PROBLEM TO SOLVE :: Print exactly the lines below between the line containing "3) In sequence, tighten" and the line containing "Lovely faux gold", counting both of those lines. Leave pictures out.

DATA RECORDS ::

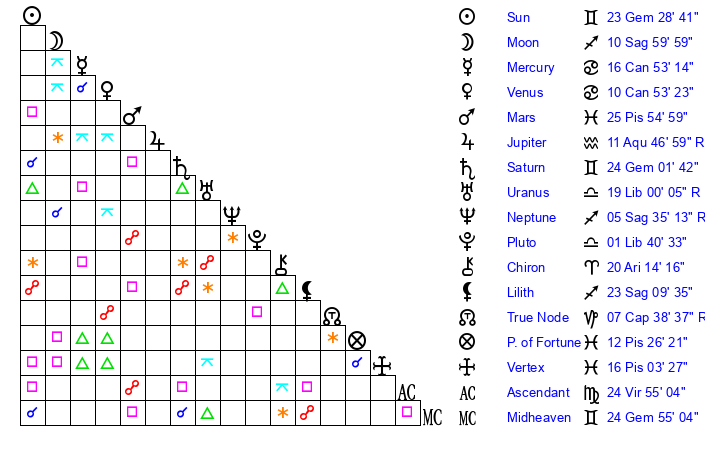 | Saturn | 24 Gemini 18 | 1 Aries 9 | 0 Cancer 42 |
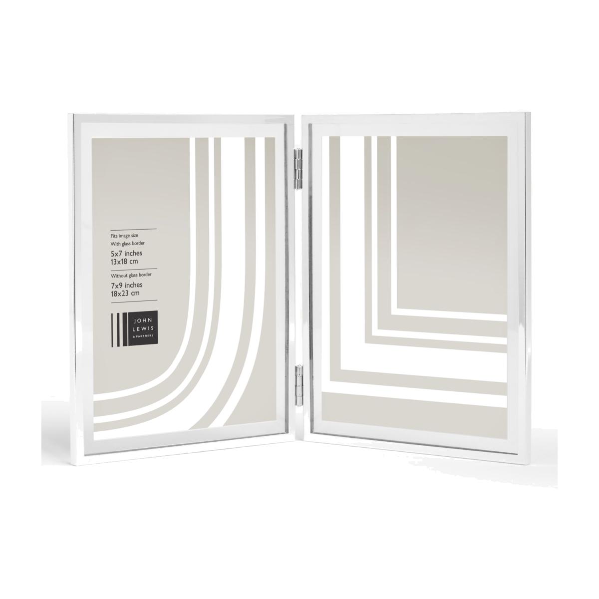 John Lewis Vertical Folding Double Photo Frame & Glass Border, 5 x 7" (13 x 18cm), Silver Plated
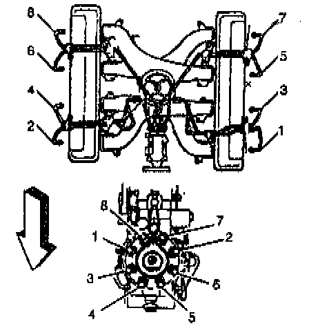 3) In sequence, tighten all of the bolts and additional 90-100° (1/4 plus turn).
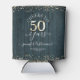 Lovely faux gold glitter confetti highlights on the top and bottom border. All text is adjustable and easy to change for your own party needs. Great elegant 50th birthday template design. blue wood textured background.
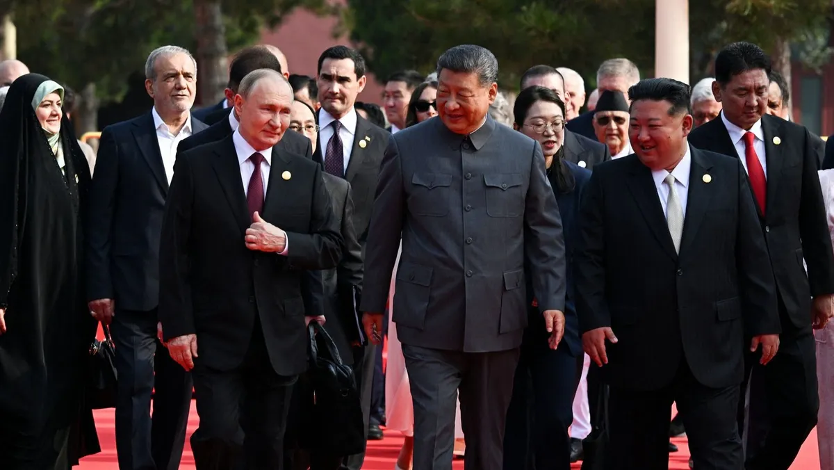 ومن الميدان السماوي تيانانمين، ترأس شي عرضاً عسكرياً استمر 90 دقيقة لإحياء ذكرى نهاية الحرب العالمية الثانية. وعلى يمينه وقف بوتين الذي يخوض حرباً في أوكرانيا، لم تشهدها أوروبا منذ نهاية الحرب العالمية الثانية، التي احتفى العرض بمرور 80 عاماً على نهايتها، وعلى يساره الزعيم الكوري الشمالي الذي يمد ساحات القتال الروسية في أوكرانيا، بالجنود والأسلحة.

ANSWER AREA ::
 3) In sequence, tighten all of the bolts and additional 90-100° (1/4 plus turn).
 Lovely faux gold glitter confetti highlights on the top and bottom border. All text is adjustable and easy to change for your own party needs. Great elegant 50th birthday template design. blue wood textured background.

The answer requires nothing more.